### EXERCISE DIRECTIONS
Take the data below and extract the lines from the one with "12-Piece Pink Silicone" to the one with "Distribution of students", inclusive, exactly as written.

[Opening DATA RECORDS section]

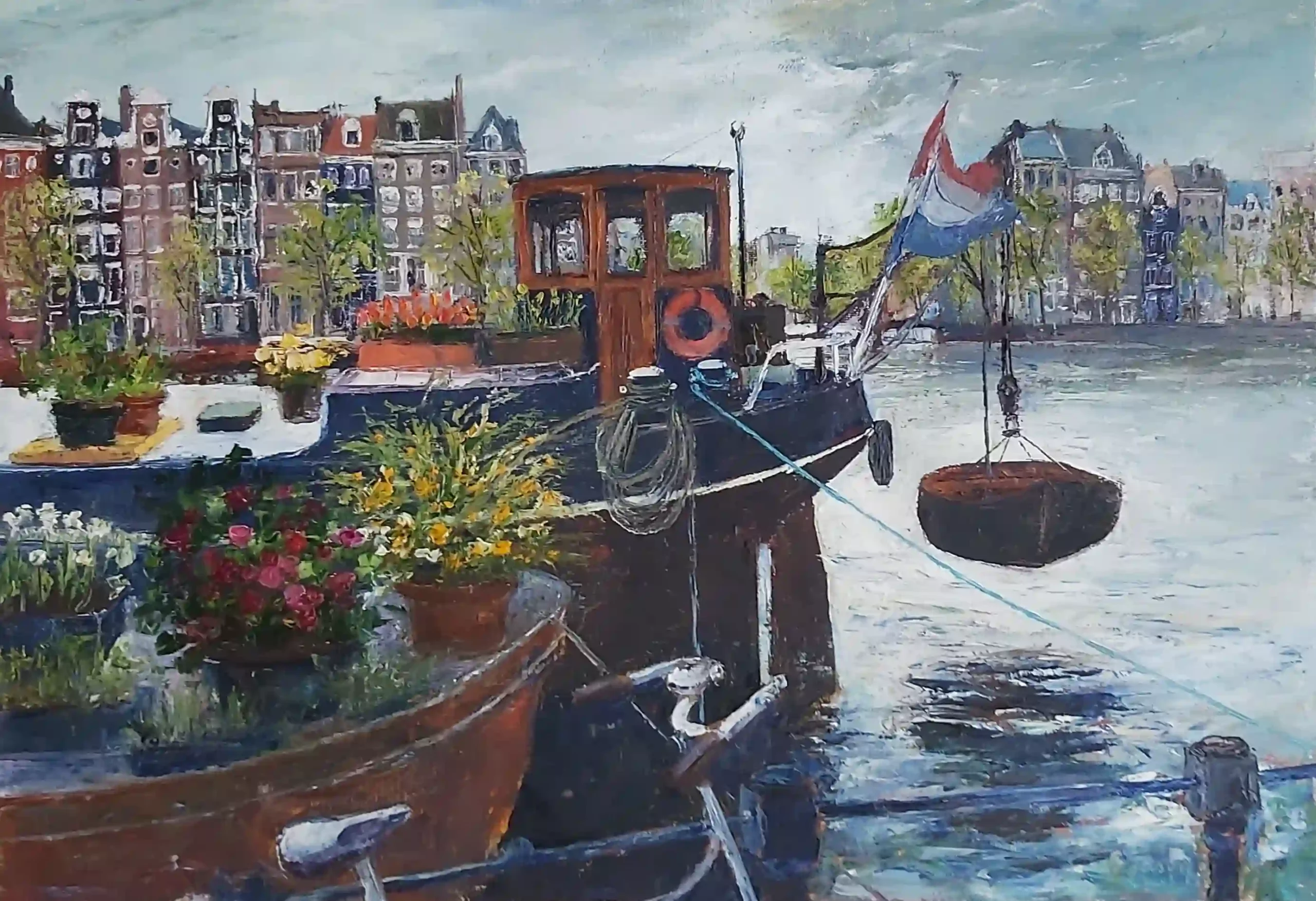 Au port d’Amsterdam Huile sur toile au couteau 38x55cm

[Closing DATA RECORDS section]
[Opening DATA RECORDS section]

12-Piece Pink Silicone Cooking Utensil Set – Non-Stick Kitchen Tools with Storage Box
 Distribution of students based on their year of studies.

[Closing DATA RECORDS section]

### RESPONSE BELOW
12-Piece Pink Silicone Cooking Utensil Set – Non-Stick Kitchen Tools with Storage Box
 Distribution of students based on their year of studies.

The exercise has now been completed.